British politician (born 1947)

Jacqueline Anne Harkness Lait (born 16 December 1947) is a British Conservative Party politician and former Member of Parliament (MP) for the constituencies of Hastings and Rye (1992–1997) and Beckenham (1997–2010).

==Early life==
Lait was born in Paisley, Renfrewshire, attending Paisley Grammar School and the University of Strathclyde, where she received a bachelor's degree in business management. After graduating, Lait worked in public relations for the jute industry in Dundee later working for the television news agency Visnews. Lait worked for the Government Information Service and later the Department of Employment in 1974. In 1980, Lait joined the Chemical Industries Association as parliamentary adviser. She has also run her own parliamentary consultancy.

==Political career==
Lait was a candidate for Strathclyde West for the 1984 European elections and the following year stood in the by-election for Tyne Bridge where she finished in third place behind David Clelland and Rod Kenyon. She was selected as the Conservative candidate for Hastings and Rye in April 1991.

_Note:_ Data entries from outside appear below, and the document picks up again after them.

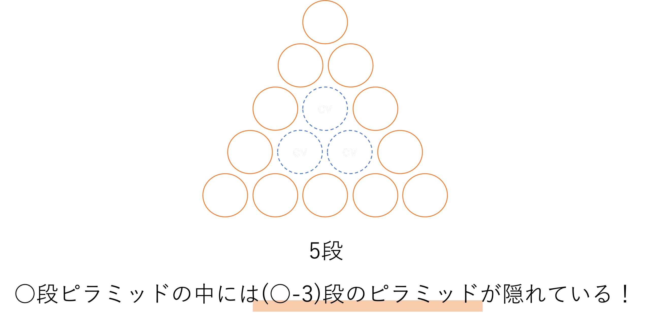 そしてこのように4段の中に1段,5段の中に2段,……と考えていくと,○段の中には(○-3)段のピラミッドが存在していると考えられますね。このことから外周の数は次のように定義することができます。「図を書かないと探しづらい,でも図を書くには面倒」という厄介な問題なので,この機会に計算式を頭に入れてしまいましょう。
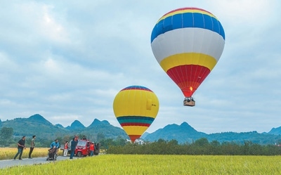 10月6日,湖南寧遠(yuǎn)縣灣井鎮(zhèn)十里畫(huà)廊,游客乘坐熱氣球觀賞田園美景。蔣克青攝(人民視覺(jué))
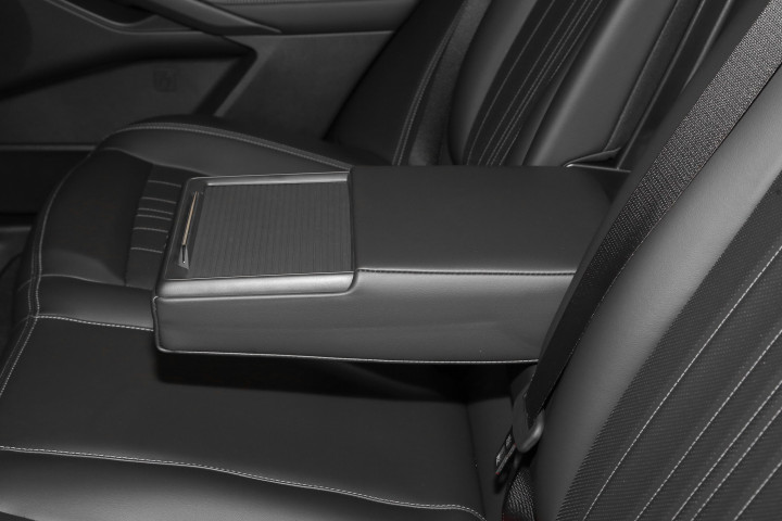 空间方面,家庭用车的舒适体验高度依赖乘坐和储物空间,所以我特别关注。首先从车身数据看,蒙迪欧的长宽高为4935×1875×1500mm,轴距达到2945mm,算同级别里比较长的,就连帕萨特都比不过它多出74mm,凯美瑞更是差了120mm。结果就是后排腿部空间极为宽裕。以我177cm身高为例,坐后排膝盖还能离前排座椅靠背两拳有余,翘条二郎腿轻轻松松。即使后排坐满三名成年人,也不会有拥挤感。另外一个体验让我很欣慰的是,蒙迪欧的后排地板设计得平整,坐在中间的乘客脚部不必蜷缩,比不少后排地板中间有凸起的同级车型舒服很多,长时间乘坐下来疲劳感明显减轻。储物空间的设计也非常注重实用性,不是光为了追求大容量,而是真的考虑日常用车的便捷。比如,中控台下面有一个镂空储物格,能方便地放下13英寸笔记本电脑包,平时办公带电脑,上车能随手一放,拿取都方便。中央扶手箱够深,一次能装进6瓶500ml矿泉水,且有分层设计,上层可放零食,下层放充电线等,物品不会乱糟糟。门板上的储物槽设计合理,可以同时装下折叠雨伞和1升保温杯,后排扶手上还设置了两个杯架和手机槽,让车内乘员随时轻松拿取饮品和电子产品,增加舒适度和便利性。
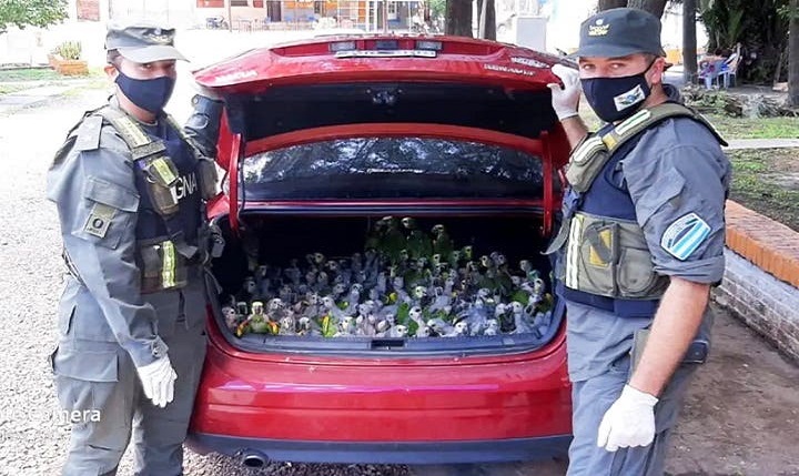 Luego de varios pedidos para que bajen el volumen finalmente lo hicieron y los uniformados empezaron a sentir ruidos extraños que salían de la parte de atrás del automóvil, por lo que les ordenaron salir del auto y abrir el baúl. Al hacerlo, los numerarios de Gendarmería se encontraron con que en el interior del mismo había una enorme cantidad de loros, que eran transportados de contrabando hacia la provincia de Santa Fe.
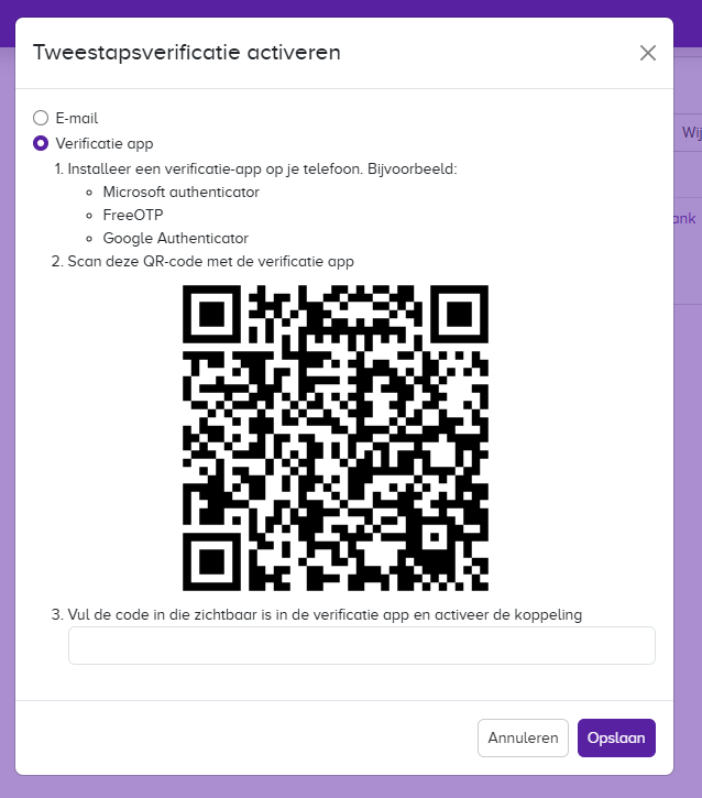 - Verificatie app: installeer een authenticator app naar keuze. Scan de QR code met je telefoon en vul vervolgens de code in die je terugkrijgt in de authenticator app om deze vorm van tweestapsverificatie te activeren.

Lait won the Hastings and Rye seat in the 1992 general election and in 1996 became the first female Conservative Whip. She lost her seat at the 1997 general election, following a dispute with local fishermen, but later in the same year was elected MP for Beckenham via a by-election following the resignation of Piers Merchant.

Upon the election of the new Conservative leader Iain Duncan Smith in September 2001, Lait was appointed Shadow Secretary of State for Scotland. The position had been vacant since 1997 as the Conservatives had no representation in the UK Parliament from Scottish constituencies. After Michael Howard replaced Duncan Smith as Conservative leader in November 2003, he reshuffled the shadow cabinet, appointing Peter Duncan, who was elected to the Scottish constituency Galloway and Upper Nithsdale in the 2001 election, as Shadow Scottish Secretary while reassigning Lait to serve as shadow Home Affairs Minister. A reshuffle after the 2005 general election saw her appointed as shadow Minister for London. Two years later, she received the additional duties of shadow Minister for Planning under David Cameron's leadership.

During the United Kingdom parliamentary expenses scandal, she was discovered to have over-claimed for the mortgage interest on her second home, and was ordered to pay back over £7,000.

Lait stood down as an MP at the 2010 general election.

==Personal life==
Lait is married to Peter Jones, former leader of East Sussex County Council.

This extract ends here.